▸ Task to carry out
In the entries below, which lines run from the one with "PERMEN Nomor 6" through the one with "Join the P&G"? Repeat exactly those, both included, and no pictures.
──────── Available data
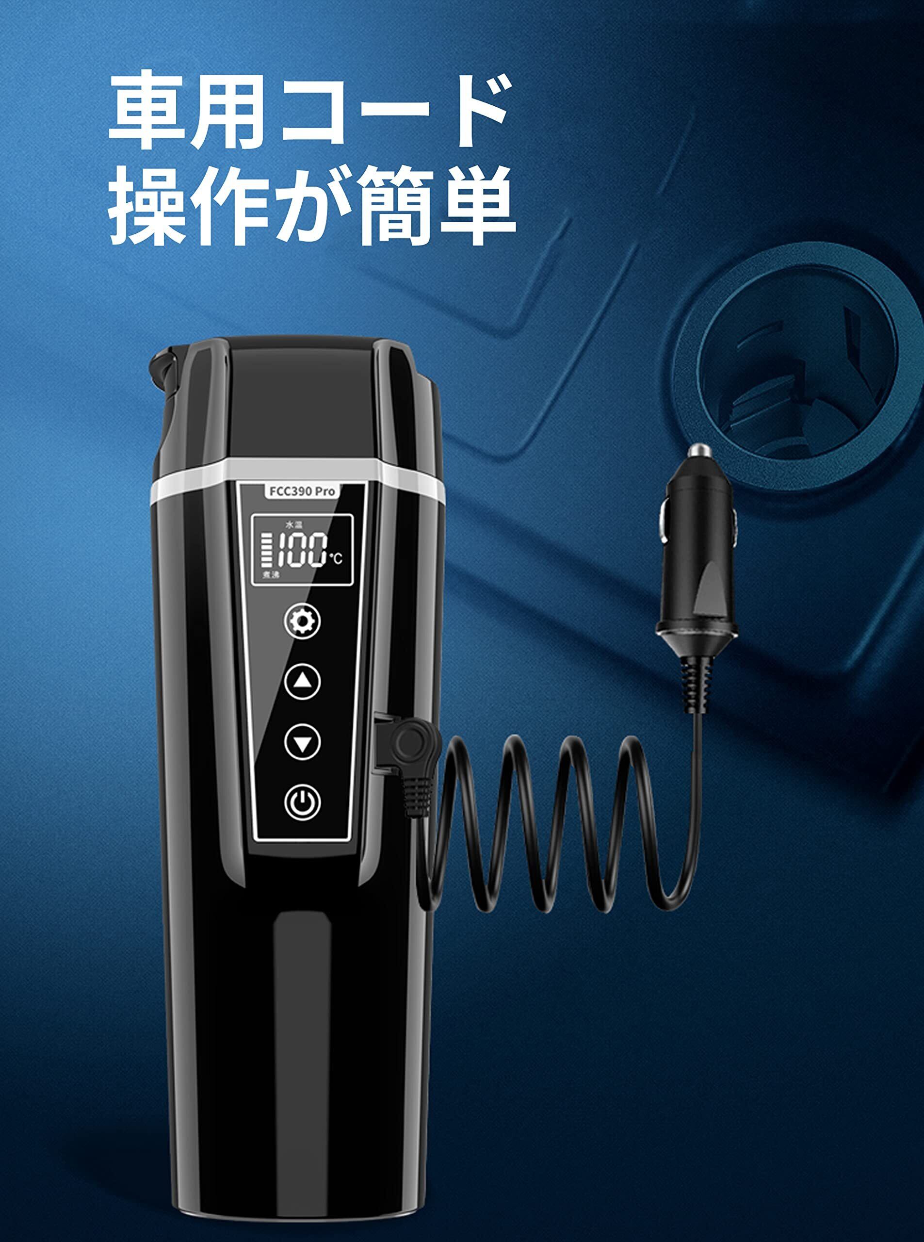 Simble 車載電気ケトル 450ml 大容量 カー用&トラック用 DC12V/24V 加熱 保温 湯沸し器 湯ボルト 電気ポット 車中泊 LCDディスプ 日本語説明書付く
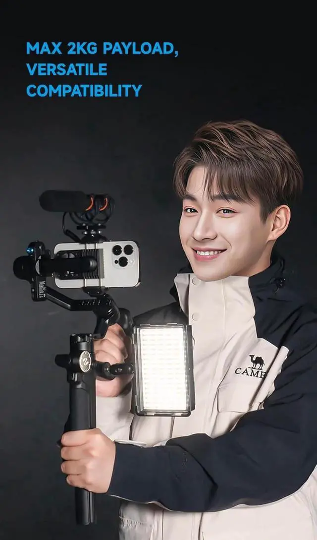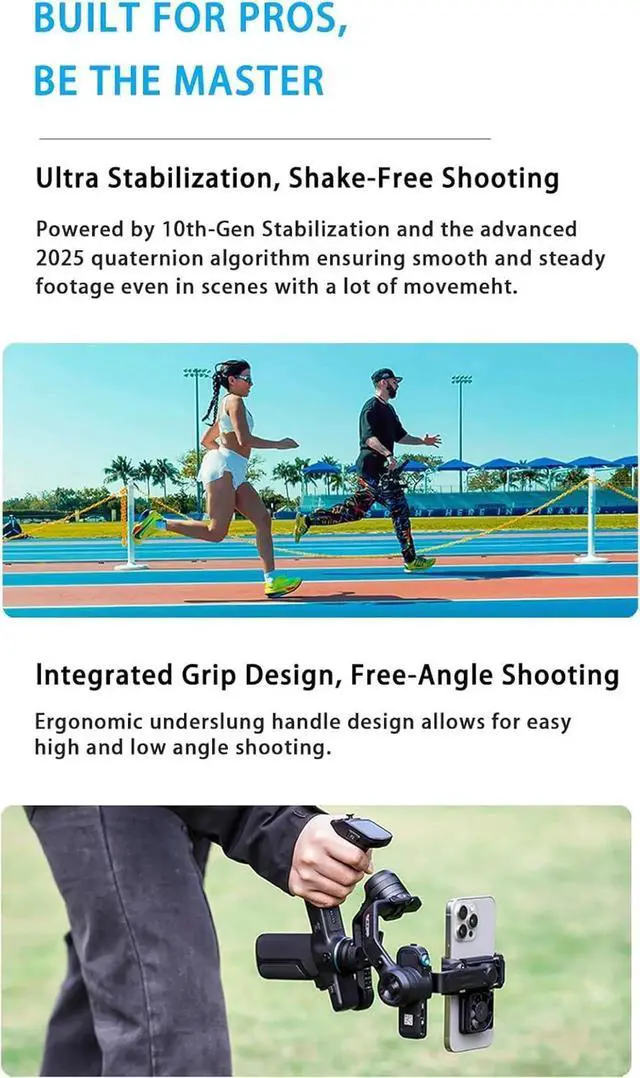 Built for Pros, Be the MasterIntegrated ergonomic grip design allows for easy high and low angle shooting. Max battery runtime up to 14 hours. The 3-axis lock now features a buckle design, allowing for a smoother and quicker setup.
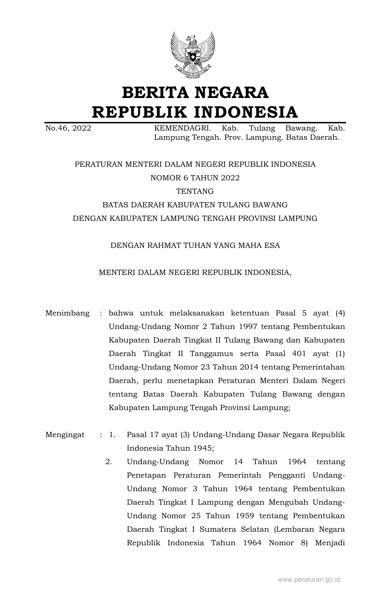 PERMEN Nomor 6 Tahun 2022 | Peraturan Menteri Nomor 6 Tahun 2022 tentang BATAS DAERAH KABUPATEN TULANG BAWANG DENGAN KABUPATEN LAMPUNG TENGAH PROVINSI LAMPUNG
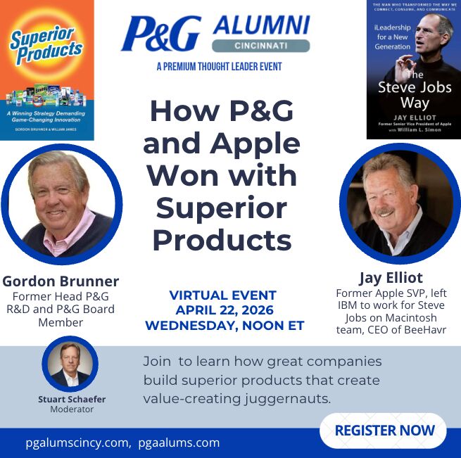 Join the P&G Alumni Cincinnati Chapter for a webinar entitled: How P&G and Apple Won with Superior Products.
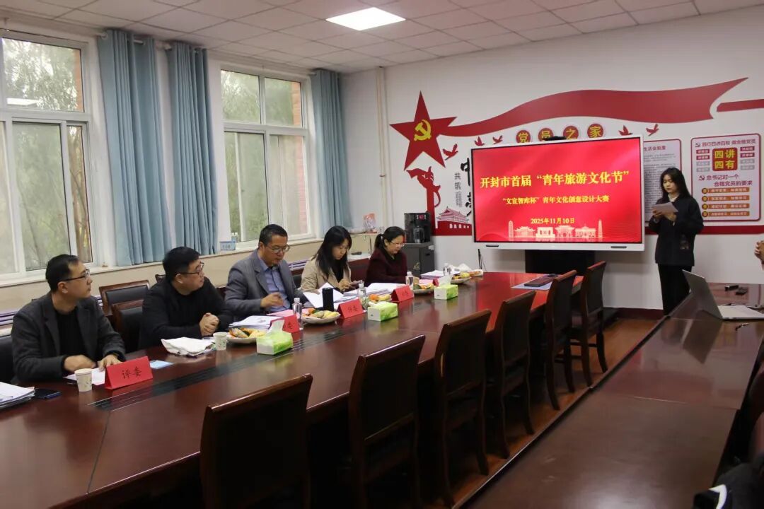 11月10日上午8:30,由共青团开封市委、开封市文化广电和旅游局、best365足球官网联合主办的开封市“文宣智库杯”开封市青年文化创意设计大赛在公司公司楼224成功举办。十支参赛团队以创意为笔、文化为墨,展现开封文创的多元可能与传承魅力。赛事特邀开封大学文旅公司旅游教研室主任常卫锋、开封市文物考古研究院遗产保护科副研究馆员笪欣、开封市青年企业家协会秘书长于晨旭、文宣智库合伙人张晋及公司副教授李涵担任评委,为青年创意保驾护航。
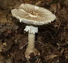 The stem is 8–20 cm (3+1⁄4–7+3⁄4 in) long and 1–2.5 cm (1⁄2–1 in) wide, equal or tapering slightly toward apex, whitish, and floccose to smooth. The basal bulb is club-shaped, ventricose-fusiform or turnip-shaped, rounded or pointed, usually covered with rings of reddish-brown scales or warts of universal veil remains, often extending up the stem for a short distance.[7] The universal veil on the stem base is quite unusual in Amanita, because it forms warts that extend nearly to the very bottom of the bulb.[9] The stem often roots into the soil beneath the bulb with an elongated cord of mycelium known as a pseudorhiza.[10] The partial veil forms a ring that is somewhat membranous, fragile to moderately persistent, and yellowish-white to pale yellow. Eventually, as the mushroom matures, it collapses on the stem as a thin membrane. The flesh is white, with a weak odor of chlorine.[7]
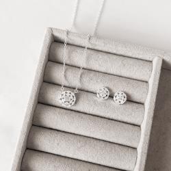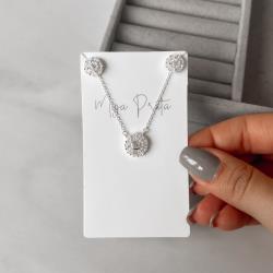 Conjunto brinco e colar flor cravejada 11mm corrente cadeado 40+5cm | Mya Prata
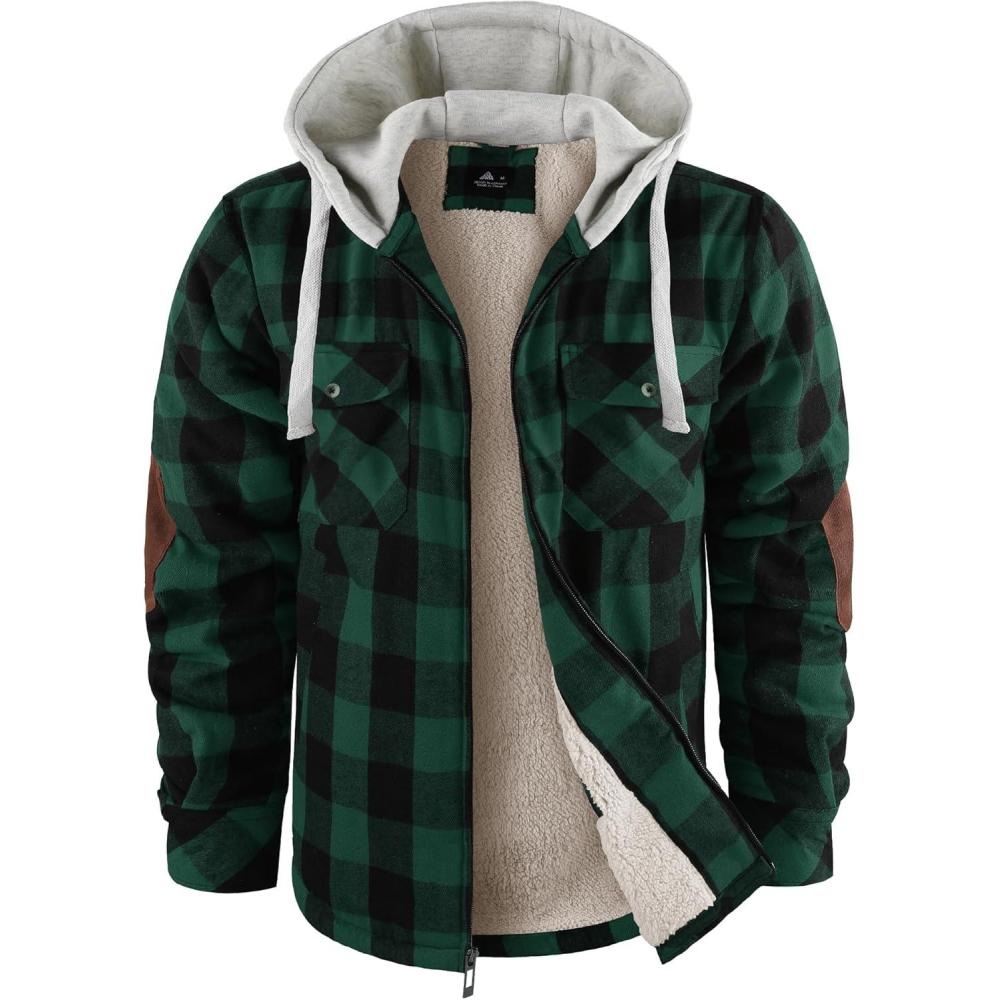 ZITY Men's Flannel Hooded Jacket Fleece Sherpa Lined Plaid Shirts Jackets Zip Up Sweatshirt Hoodies for Men with 4 Pockets(Gray Green)
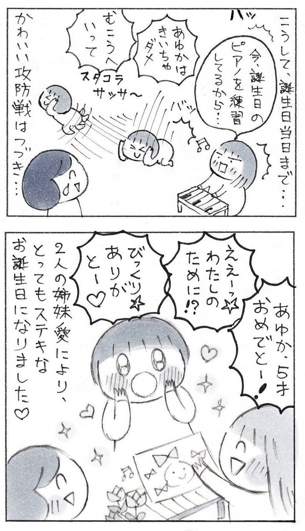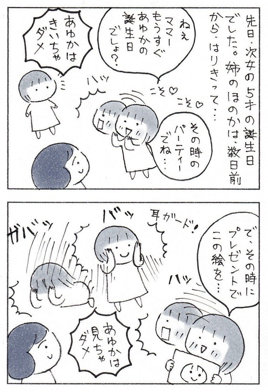 妹の誕生日を目前にして、誕生日会の企画をするお姉ちゃん。サプライズにしたいお姉ちゃんはママにこっそり相談をしますが、気がつくといつも妹の姿が……
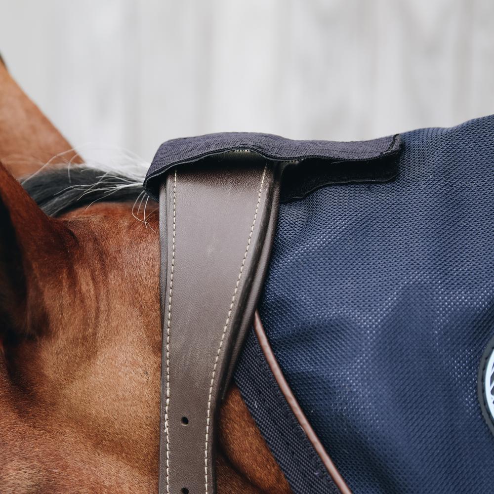 Opvolgend aan de ontwikkeling van ons Recuptex deken hebben we ook een nekstuk ontworpen dat perfect past bij dit deken. Gebaseerd op de Bekaert BEKINOX® technologie, deze bevatten het fijnste garen in inox (vezel in roestvrij staal) dat mee in de stof verweven zit. Het creëert zo een kooi van Faraday welke het magnetisch veld in het paardenlichaam reflecteert. Door het behoud van deze velden wordt de bloedcirculatie en het zuurstoftransport gestimuleerd en verbetert zo het herstel- en genezingsproces in een natuurlijk, beschermende omgeving. Het nekstuk is gemaakt uit een zeer stevige geweven stof die zowel in de zomer als in de winter gebruikt kan worden in combinatie met andere dekens. Dit nekstuk is ideaal te gebruiken voor of na het rijden om zo te helpen bij een betere spierontspanning, maar kan ’s nachts ook op blijven liggen. We raden wel aan van het deken geleidelijk te introduceren omwille van het soms tintelende effect. Dus best beginnen de eerste dagen met een uur en zo over de komende dagen het neck langer op te laten. Machine wasbaar op 30°, geen droger.
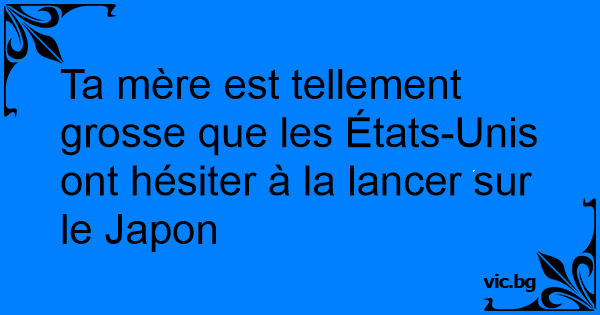 Ta mère est tellement grosse que les États-Unis ont hésiter à la lancer sur le Japon
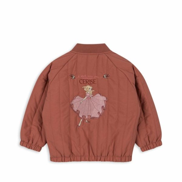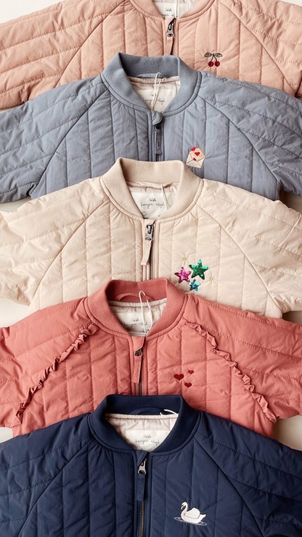 Wind-resistant thermo bomber jacket with frill detailing. Treated with water-repellent coating for all-weather performance.
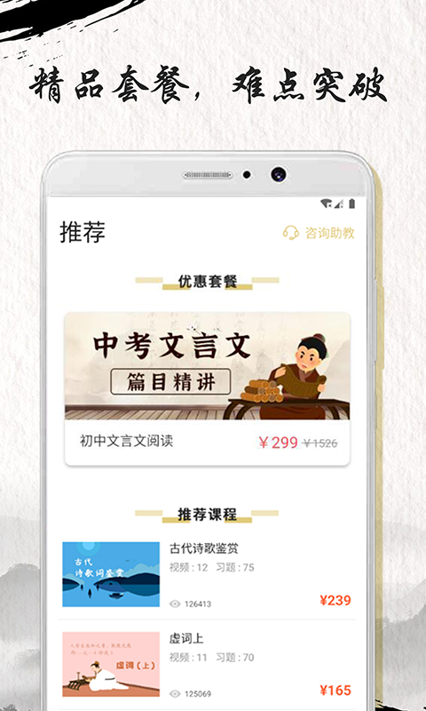 中考文言文精讲是一款适合于文言文素养不是很高的用户们来学习使用,在这款软件上大家不仅可以查询到翻译功能,它还提供了文言文词典和学习资料,让我们学习的过程不那么没目标,可以帮助想要深入研究文言文的用户开展针对性的学习。
────────────────
▸ Solution
 PERMEN Nomor 6 Tahun 2022 | Peraturan Menteri Nomor 6 Tahun 2022 tentang BATAS DAERAH KABUPATEN TULANG BAWANG DENGAN KABUPATEN LAMPUNG TENGAH PROVINSI LAMPUNG
 Join the P&G Alumni Cincinnati Chapter for a webinar entitled: How P&G and Apple Won with Superior Products.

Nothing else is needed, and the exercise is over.